Rehearsals were postponed during Christmas vacation and suddenly it was five weeks before opening night. The "orphan" was growing rapidly, as sixth-grade girls are wont to do. If she didn't slow down, she soon would be taller than her stage father. We practiced good posture and prayed.

With four weeks to go, we concentrated on costume design. Grandfather's derby was sent special delivery. The music teacher, obviously unaware that the hat was an authentic period piece, vetoed the derby because it fell over Jeremy's eyes. The star agreed to wear the first pair of real shoes and non-sweat socks his feet had seen in at least three years. I conferred with other mothers about costuming the hobos and the tattered orphans in a style befitting a Bethesda production. The hobos, it was decided, would wear casual caps from Britches and the orphans' tatters would be color-coordinated using frayed designer labels.

With three weeks to go, panic was mounting. I asked the orphan's mother to stop feeding her vitamins until the show was over.

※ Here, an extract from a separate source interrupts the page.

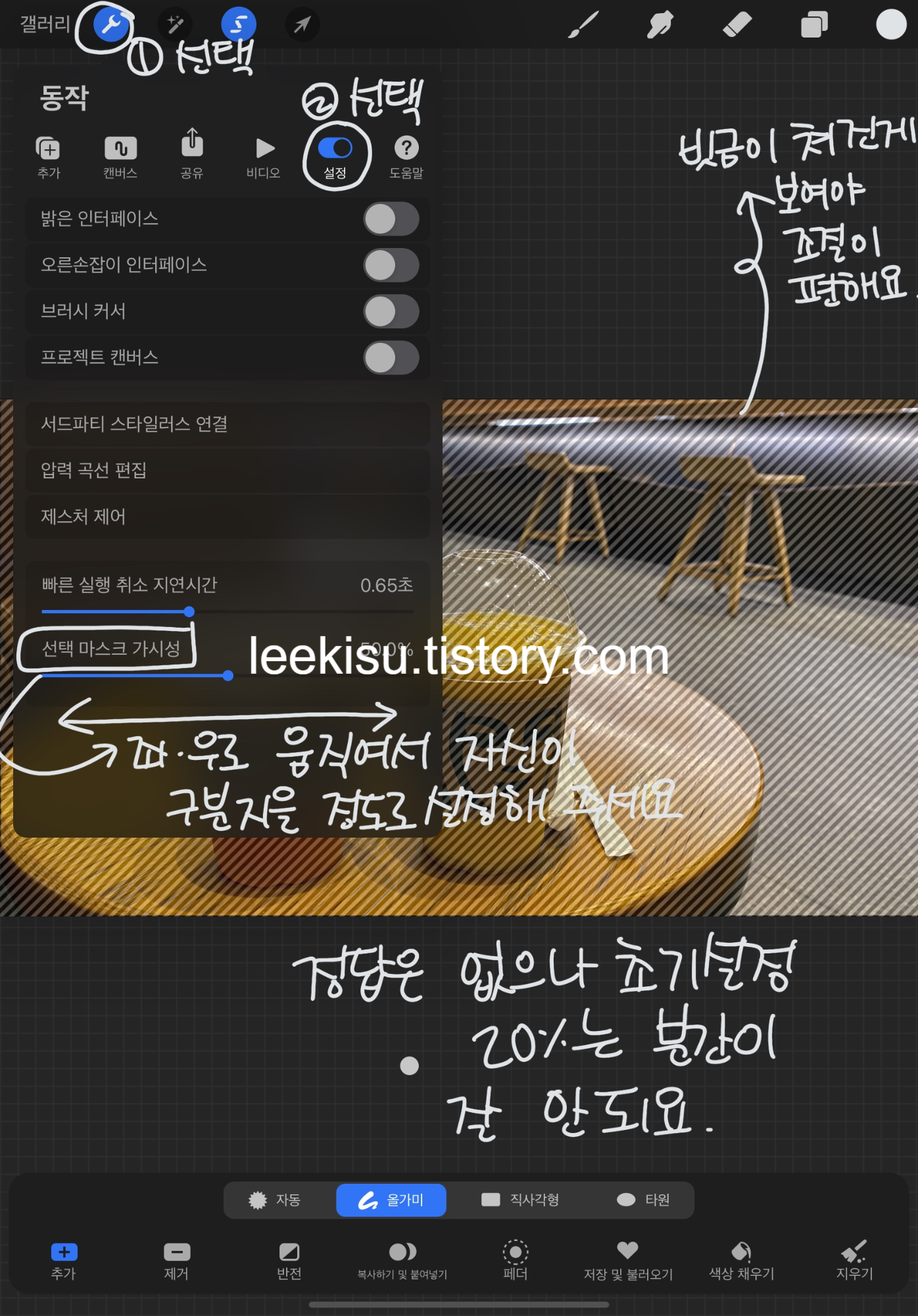 이 상태에서 ①🔧스패너 모양의 설정 버튼을 누르고 ②'설정' 탭으로 이동해서 '선택 마스크 가시성'의 비율을 달리하면서 사진의 빗금의 불투명도를 변화시켜 주세요. 100%에 너무 가까우면 추가 작업에 어려움이 있고, 0%에 너무 가까우면 선택한 영역의 구분이 어려워져요. 저는 딱 중간 50%로 했어요.

With two weeks to go, the plumber had mastered the hand gestures and was practicing a dance number with grandma, who had flown in from New York to attend the premiere.

With one week to go, word was out that the dress rehearsal was a disaster--a featured player's voice changed right in the middle of his big number.

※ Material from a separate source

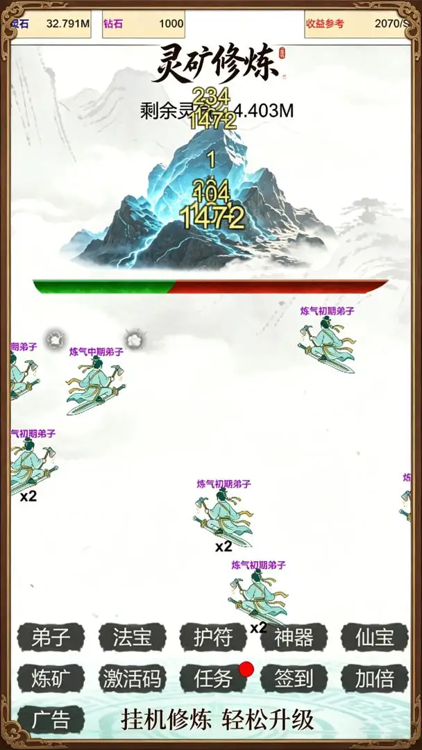 3.上阵8名弟子形成完整阵容,搭配聚灵阵灵宝,全体挖矿速度提升40%,离线收益同步增加。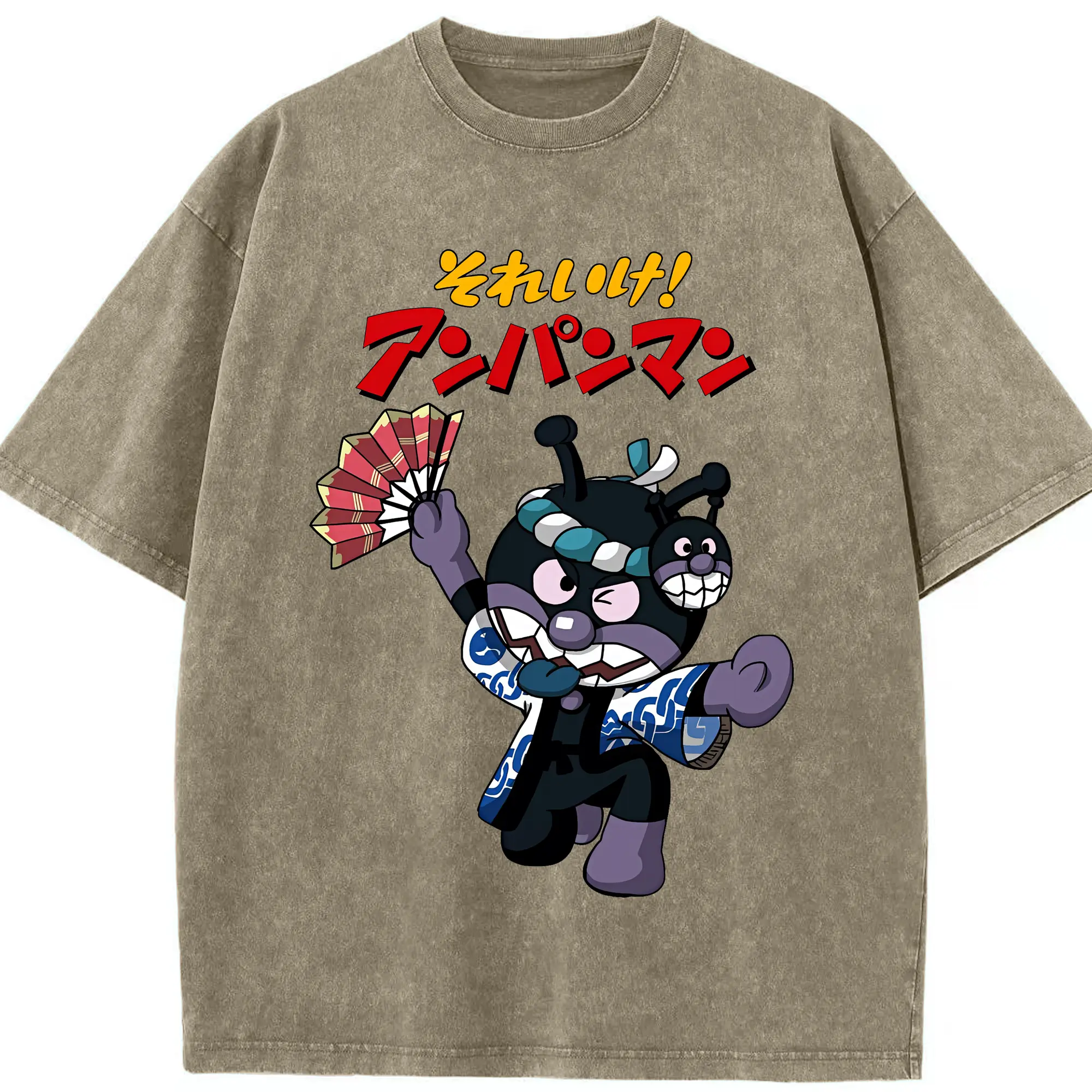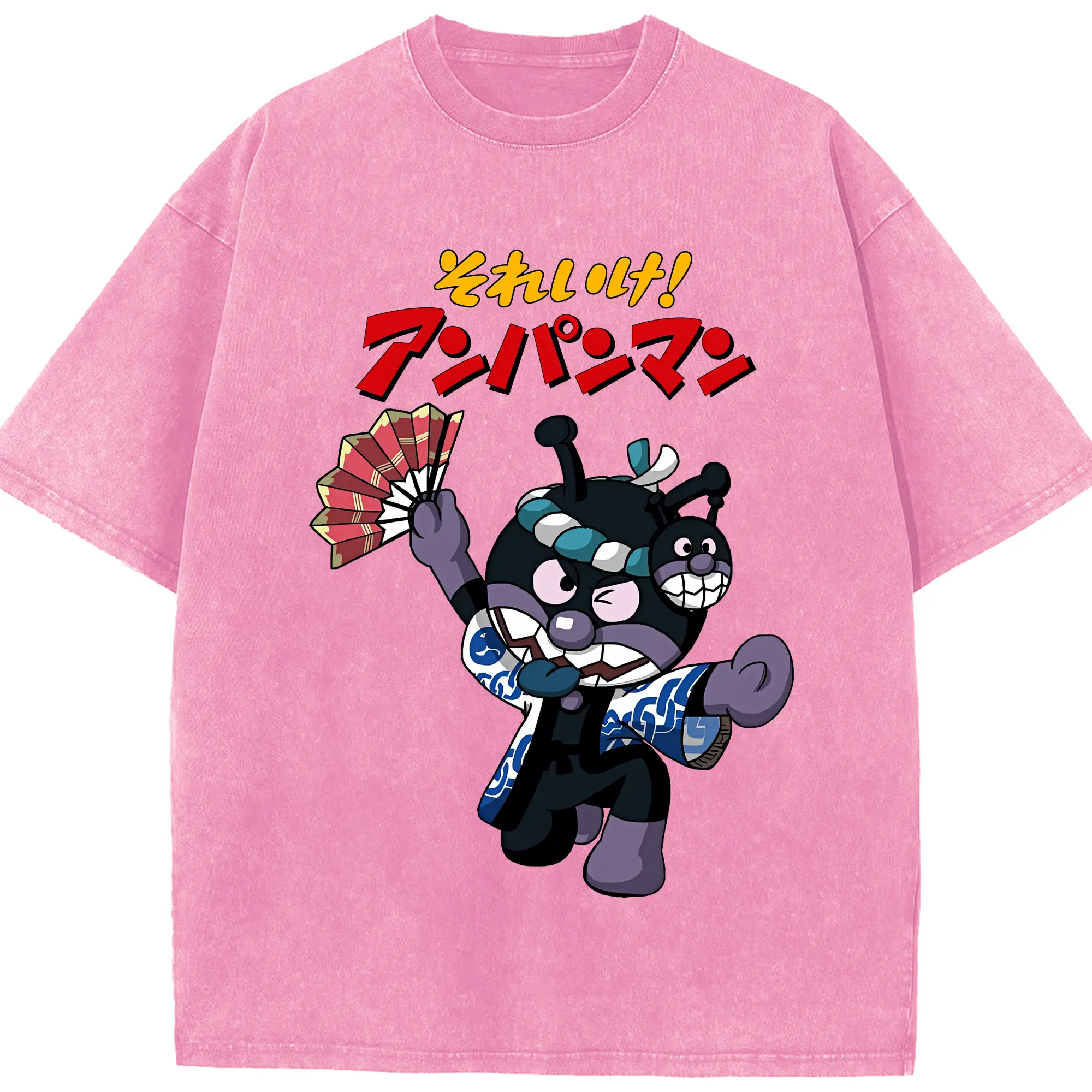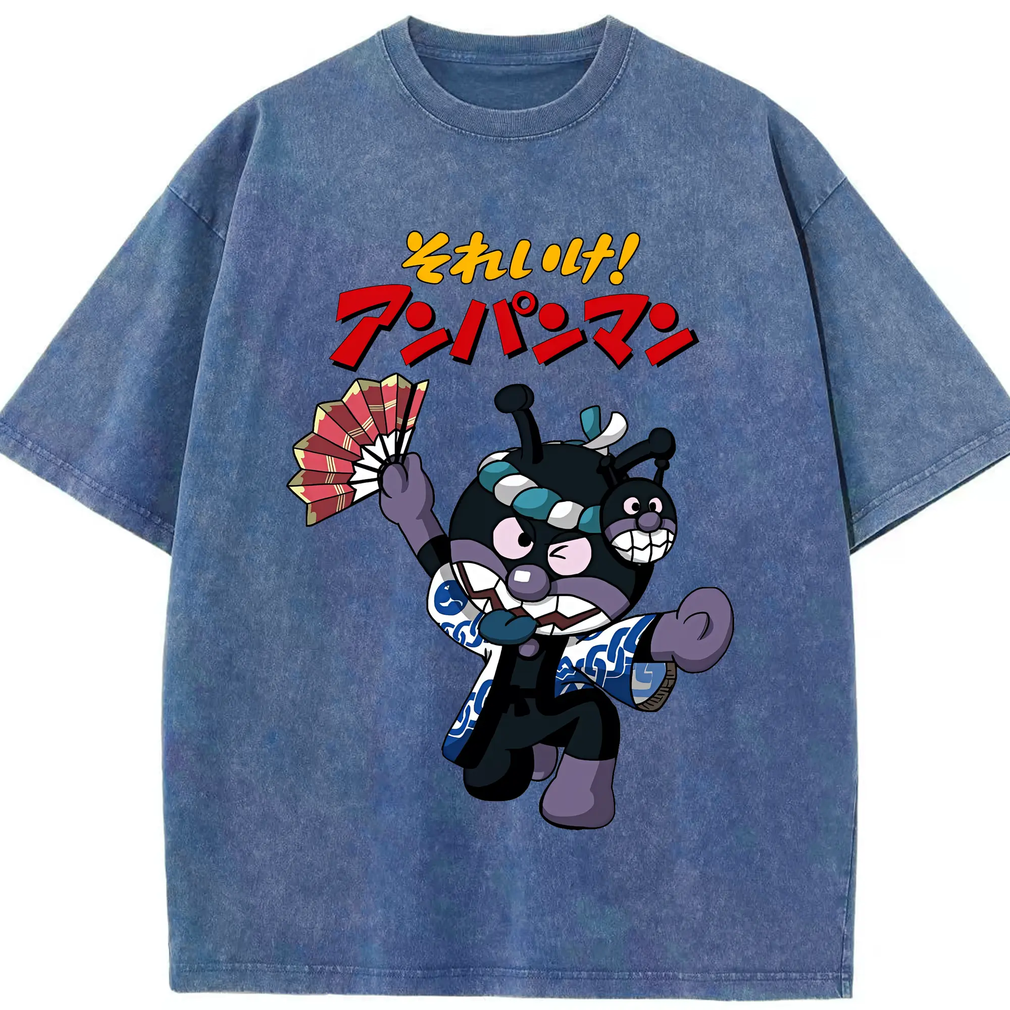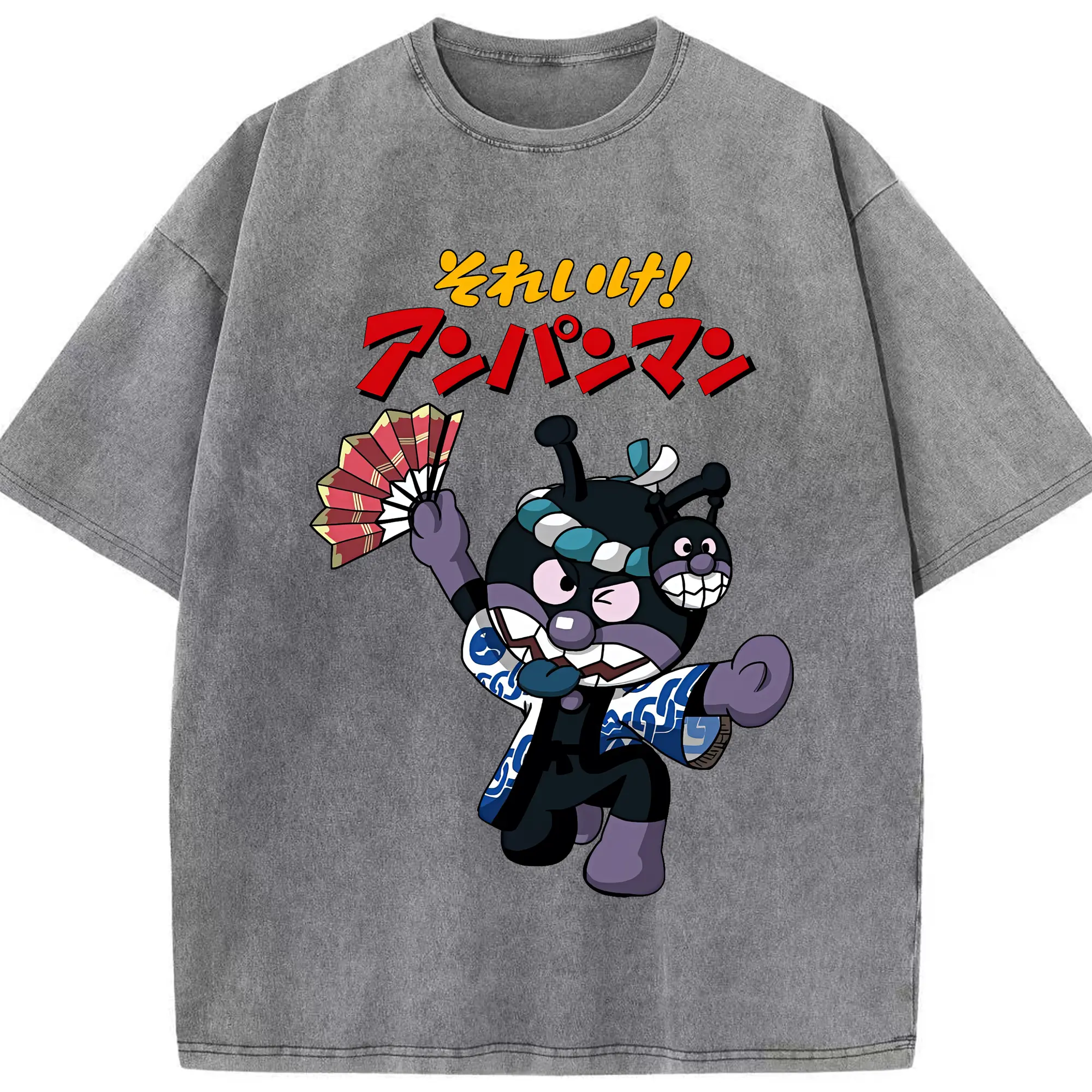 アンパンマン グッズ,ばいきんまん - 綿100% ヴィンテージ風 半袖Tシャツ ・ 背面プリント ・ 柔らか肌触り ・ 通気性 快適 ・ スポーツ カジュアル 外出用

On opening night, a star was born in Bethesda. Socko! Boffo! The Variety lexicon is too limited to capture the excitement in the school's all-purpose room. One critic, crying and clapping at the same time, was heard to exclaim, "It was worth every Pamper I ever changed."

Of course, the male lead's part was cut down a bit to make room for the other 89 players in the 30-minute production. But what poise! What projection! I swear, the kid grew three inches while on stage.

Before the spotlight fades, I am plotting his next career move. He thinks he is going back to gym hockey. But I hear that the Harlequin Dinner Theater is casting "Bye Bye Birdie" and then there's the Burn Brae. . . . I wonder why nobody at Wyngate Elementary thought to invite Father Hartke to opening night.